Он встал, сверкнул зелеными глазами и крадучись отправился в детскую.
А за окном ветер и метель вели себя ниже всякой критики…
* * *
– Вы чего тут сидите? – нахмурившись и обведя детей жестким взглядом, проворчал Постулатов.
– Мы ничего, папочка. Мы сидим тихо.
– Сидите тихо?!
Леденящий душу смех Постулатова прозвучал в детской, сливаясь с воем бури за окном.
– А разве дети должны сидеть тихо?

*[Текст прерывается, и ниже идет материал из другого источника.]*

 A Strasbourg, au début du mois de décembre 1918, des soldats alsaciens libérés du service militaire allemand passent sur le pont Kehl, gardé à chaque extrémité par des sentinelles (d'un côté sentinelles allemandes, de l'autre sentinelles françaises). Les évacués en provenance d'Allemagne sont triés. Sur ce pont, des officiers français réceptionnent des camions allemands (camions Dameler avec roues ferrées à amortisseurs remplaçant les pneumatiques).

Детское это дело? Сейчас же чтобы резвиться, прыгать и смеяться.
Ну?!!
Детки заплакали.
– Простите, папочка… Мы больше никогда не будем…
– Что? Плакать? Немедленно же резвитесь, свиненки этакие! Ну, ты! Или смейся, или я с тебя три шкуры спущу. Я вам пропишу елку!..

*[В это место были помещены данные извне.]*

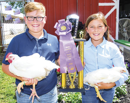 The grand champion broiler chickens were shown by Dreden Feltner of Union City. He sold the birds for $200 to Ceres Solutions. Conner Sarles brought the reserve champion broilers and sold them for $200 to Haylett Auto and RV.
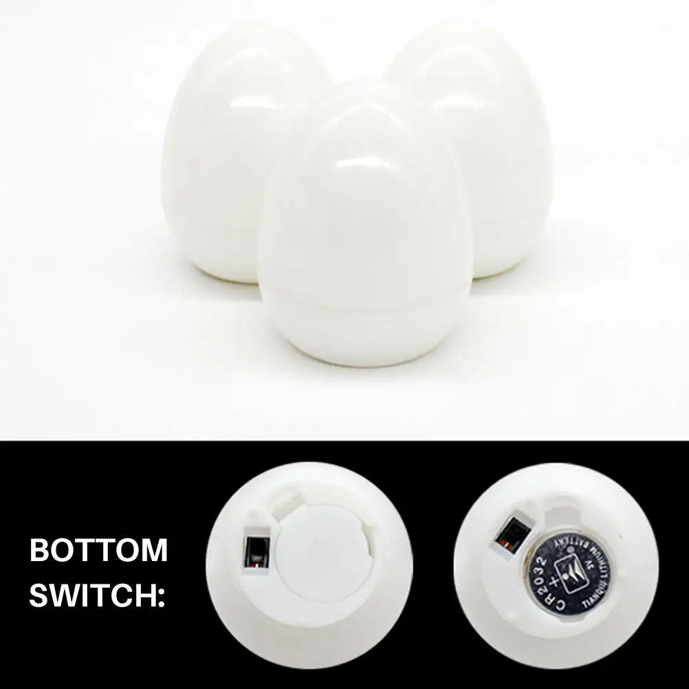 3. Переключите переключатель в нижней части яйца, чтобы включить светодиодный светильник. Каждое яйцо содержит батарею CR2032 и никаких дополнительных покупок не требуется.

Прижавшись друг к другу, забившись в угол, дети с ужасом глядели на искаженное лицо отца…
– Ах, так? Такое отношение? Не хотите веселиться?! Ну, так вы сейчас отведаете ремня!! Эй, кто там?! Где мой кожаный ремень!! Агафья! Лизавета! Подать ремень!!

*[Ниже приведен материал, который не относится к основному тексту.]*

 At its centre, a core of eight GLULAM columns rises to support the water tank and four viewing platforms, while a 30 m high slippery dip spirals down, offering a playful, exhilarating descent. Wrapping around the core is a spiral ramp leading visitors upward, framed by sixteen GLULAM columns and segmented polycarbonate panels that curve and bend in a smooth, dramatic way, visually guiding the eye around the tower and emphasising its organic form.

Столпившись в дверях, все домочадцы с ужасом взирали на разъяренного хозяина.
– Куда девался ремень? Агафья!
– Не знаю, барин… я и то найти его не могу!.. Уж не в зеленом ли дедушкином сундуке?..
– Подальше, дьяволы, постарались засунуть. Прочь!! Я сам его найду!
И ринулся Постулатов в полутемный чулан, в котором стоял знаменитый дедушкин зеленый сундук.
В каждом благоустроенном семействе имеется какой-нибудь баул, сундук или просто коробка, в которую годами складывается всякая дрянь: сплющенная весенняя шляпка, два разрозненных тома «Нивы», испорченная мясорубка, засаленный галстук, бутылочки со старыми лекарствами, мужская сорочка с оторванными манжетами, пара граммофонных пластинок и изъеденная молью плюшевая кошка.
На письменных столах и туалетах тоже стоят маленькие коробочки, в которых годами копятся: шнурок от пенсне, полдесятка разнокалиберных пуговиц, поломанная запонка, английская булавка и позолоченная облезшая часовая цепочка.
Зеленый сундук Постулатовых отличался той же хаотичностью и разнообразием содержимого.
Лихорадочно рылся разъяренный Постулатов, отыскивая популярный в детской желтый кожаный ремень от саквояжа, рылся… как вдруг рука его наткнулась на что-то стеклянное.
«Дрянь какая-нибудь, пустая посуда», – подумал он и вытянул на свет Божий одну бутылку, другую, третью…
Оглядел их – и сердце его бешено заколотилось: в первых двух ярким топазом сверкнул французский коньяк, а в третьей тихо, мелодично булькала при малейшем сотрясении настоящая смирновская водка.
– Чудеса… – проворчал он дрогнувшим голосом и закричал: – Лизочка! Лиза! Иди сюда, голубушка!
Вошла заплаканная жена.
– Лизочек, каким эти образом в зеленом сундуке очутились коньяк и водка? Откуда это, милая?
Жена наморщила лоб:
– Действительно, как они попали в сундук? Ах, да! Это я весной засунула их сюда, перед Пасхой. Ты тогда купил больше чем нужно. А я сунула сюда, подальше от тебя, да и забыла.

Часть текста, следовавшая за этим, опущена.